As well as docker commands. We can now get a shell inside of the job container:

cos@runner-j2nyww-sk-s-l-s-amd64-1759673243-5f16ceff ~ $ docker exec -it runner-j2nyww-sk-project-75050198-concurrent-0-d0c939fb2a356dee-predefined bash

Debugging Step-Based Jobs (GitLab Functions)

Jobs that use GitLab Functions execute through a step-runner gRPC service inside the build container, using a bootstrap → serve → proxy pattern. This section covers how to debug issues specific to step-based execution.

For a general overview of step-based execution and common errors, see the Troubleshooting Guide.

Enable Debug Logging

For verbose step-runner output in the job log, set the CI_FUNCS_LOG_LEVEL CI/CD variable to debug on the job or project:

variables:
  CI_FUNCS_LOG_LEVEL: debug

Verify Bootstrap

The bootstrap stage copies the gitlab-runner-helper binary into the build container’s shared volume.

Check for the docker_bootstrap stage in the job logs. A successful bootstrap will show the bootstrap container being created and exiting with code 0.
If you have access to the job VM, verify the binary exists in the container:
Terminal window
```
docker exec <build_container> ls -la /opt/gitlab-runner/gitlab-runner-helper
```
The binary should exist and be executable (-rwxr-xr-x).

Verify the bootstrap volume is mounted:

docker inspect <build_container> --format '{{json .Mounts}}' | python3 -m json.tool | grep -A5 "/opt/gitlab-runner"

Inspect Serve Process

In step-based jobs, the build container’s main process is the helper binary running in serve mode.
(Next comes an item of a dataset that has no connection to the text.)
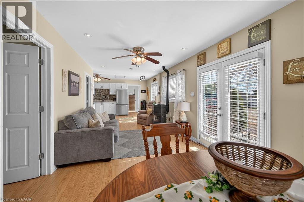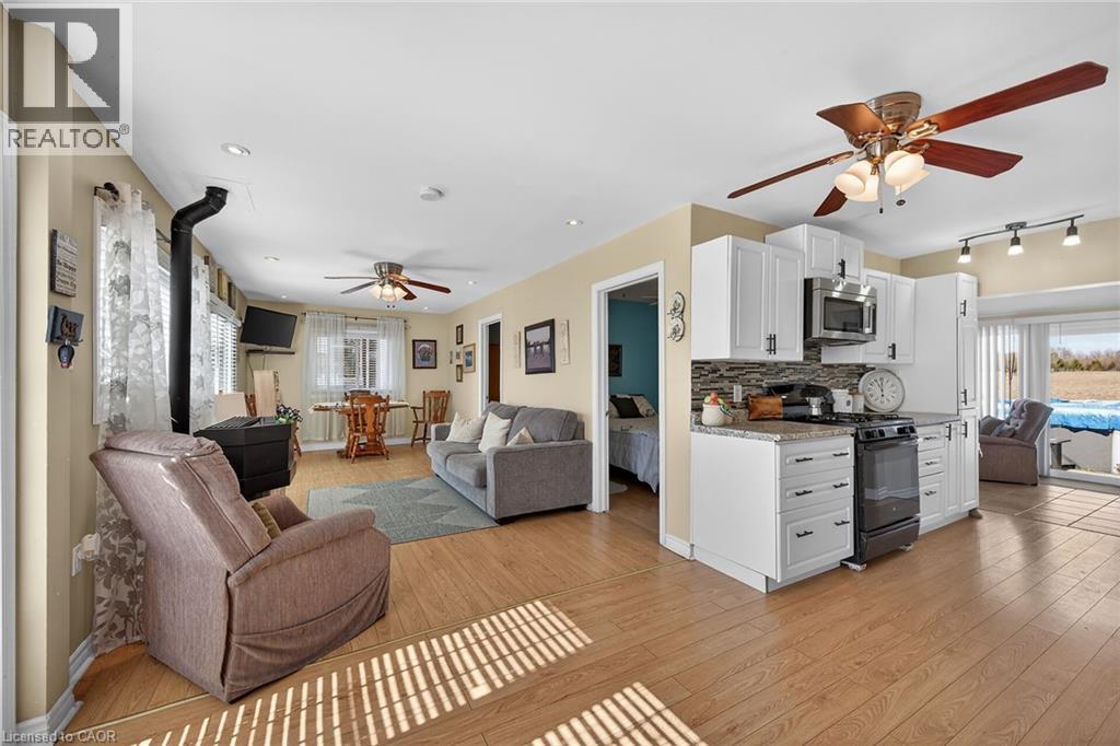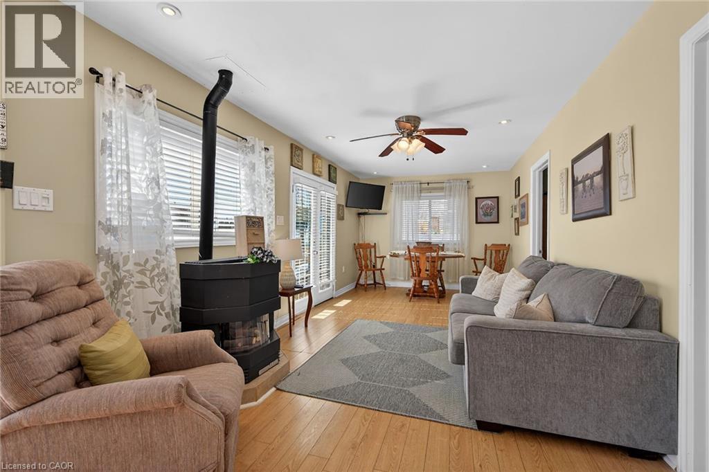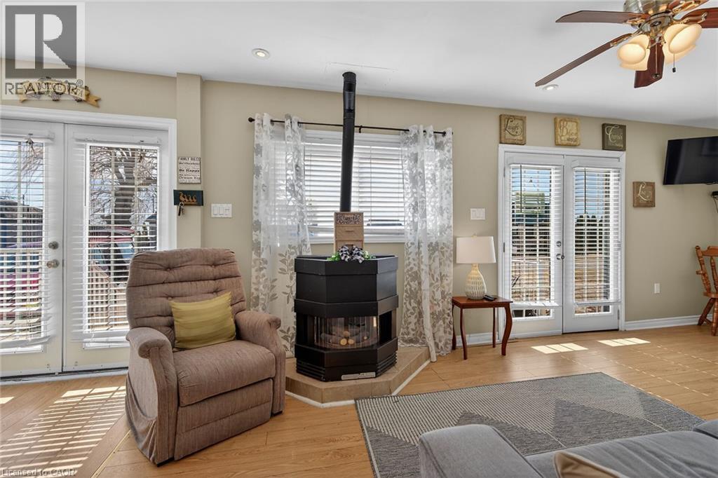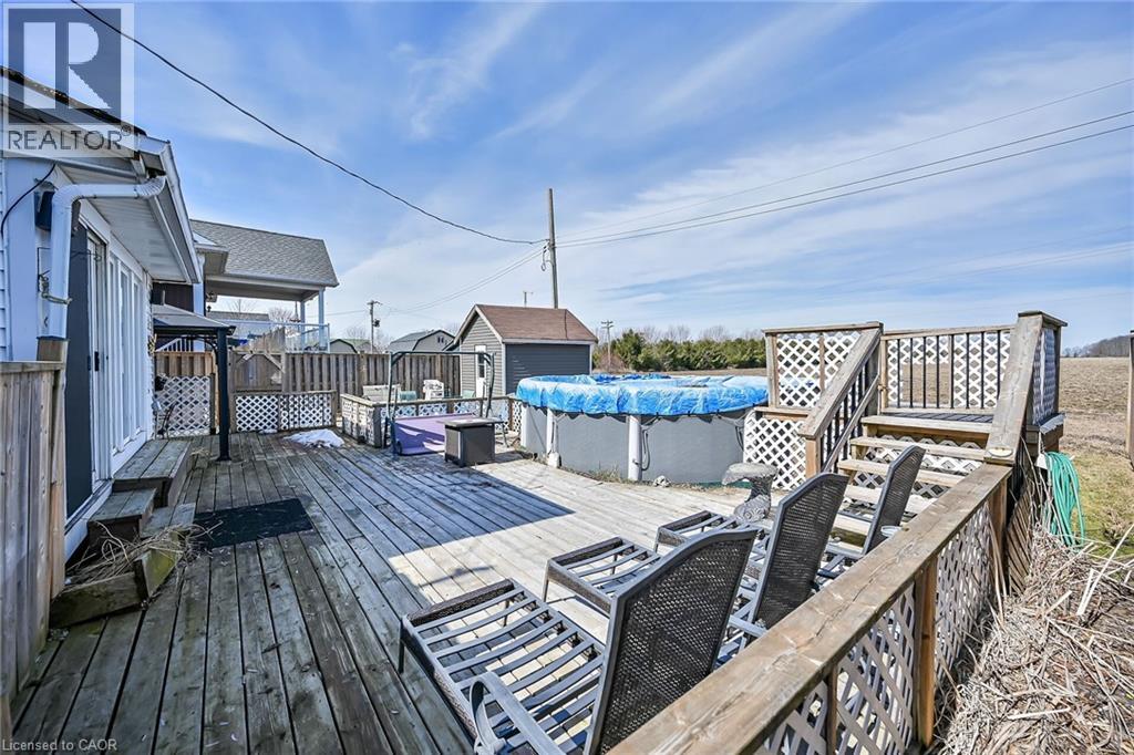 Your Lake Escape Awaits!! With Spring nearing it’s time to take advantage of Lake Erie - a magnificent Great Lake offering aquatic adventures galore. Imagine not worrying about the horrendous 4 hour drive to Ontario’s North - when less than an hour commute from Hamilton, Burlington, Brantford, Niagara, QEW & 403 - you can be sitting on your very own newly constructed (2024) 280sf lake facing entertainment deck accented w/stylish glass railings - providing the ultimate venue to relax & enjoy incredible, panoramic water vistas across scenic Lakeshore Road. After a day of sunshine - retreat inside & embrace 819sf of nautical beauty this tastefully presented 3 bedroom cottage exudes. Situated on landscaped 50ft x 100ft lot overlooking endless acres of farm fields is totally renovated lake house (studs out-2009), w/current owner careful to maintain it’s sea-side ambience, as evidenced by the nautical inspired décor. Showcasing brilliant white kitchen sporting ample cabinetry, chic tile back-splash, SS fridge & n/gas cook stove - continues to open concept dining/living room savoring the n/g fireplace's warmth while basking in the abundance of natural light cascading thru multiple water facing windows & 2 gardens doors. Flanking 3 sizeable bedrooms is beautifully updated 3pc bath-2024 - leads to rear family room ftrs vaulted ceilings, easy-wear tile flooring, floor to ceiling windows & patio door walk-out accessing 540sf rear deck system & resort style yard centered around refreshing 18ft round swimming pool. Atlantic blue exterior siding-2023 complimented w/stylish stone-like skirting sets this “Erie Gem” apart from it’s peers. Minimal cost, easy to insulate plumbing/water system ensuring affordable, future year-round lake living. Extras - metal roof-2023, vinyl windows, concrete pier foundation, laminate flooring, 2000g cistern, septic system, 100 amp hydro, metal gazebo, owned water heater & majority of furnishings. Can't you just feel the warm lake breezes BECKONING! (id:4555)

Check the container’s main process:
Terminal window
```
docker exec <build_container> ps aux
```
You should see a process like:
```
/opt/gitlab-runner/gitlab-runner-helper steps serve bash
```
If instead you see just bash or sh as PID 1, the job is using traditional execution, not steps.
Confirm the step-runner started successfully by checking for the “step-runner is ready.” message in the job log. If this message is absent, the serve process did not initialize.
Check the container’s command configuration:
Terminal window
```
docker inspect <build_container> --format '{{json .Config.Cmd}}'
```
For step-based jobs, this will include steps serve in the command chain.

Container Inspection

Inspect step-related volumes and mounts on the job VM:

# List all volumes for the build container
docker inspect <build_container> --format '{{json .Mounts}}' | python3 -m json.tool

# Check for the /opt/gitlab-runner volume specifically
docker inspect <build_container> --format '{{range .Mounts}}{{if eq .Destination "/opt/gitlab-runner"}}Type={{.Type}} Source={{.Source}} RW={{.RW}}{{end}}{{end}}'

The /opt/gitlab-runner volume should be present and writable.

Log Patterns

Step-based execution produces different log patterns compared to traditional execution:

Step-based execution:

A docker_bootstrap stage appears before the build starts (ExecutorStageBootstrap internally).
The bootstrap container is created and started with the command gitlab-runner-helper steps bootstrap /opt/gitlab-runner/gitlab-runner-helper.
The build container command is prefixed with /opt/gitlab-runner/gitlab-runner-helper steps serve.
Once the gRPC service is ready, the job log prints “step-runner is ready.”.

Traditional execution:

No bootstrap stage.
No /opt/gitlab-runner volume creation.
The build container runs the shell command directly (e.g., bash, sh).

Unix Socket Verification

The step-runner gRPC service communicates over a Unix socket inside the build container. On Linux, the default path is /tmp/step-runner.sock.

Verify the socket exists:
Terminal window
```
docker exec <build_container> ls -la /tmp/step-runner.sock
```
The socket should be present as a socket file (type s).
If the socket does not exist, the serve process likely failed to start or has crashed. Check the container logs:
Terminal window
```
docker logs <build_container>
```
Verify the serve process is still running (see Inspect Serve Process above). If the serve process has exited, the socket will no longer accept connections, and the proxy will fail to communicate with the step-runner.

Troubleshooting Tips

Common Issue: Network Misconfiguration

One frequent issue is a missing network configuration for the CI Gateway. Ensure that the network is allowed in the CI Gateway configuration.

If problems persist, verify the VM’s network settings and access permissions.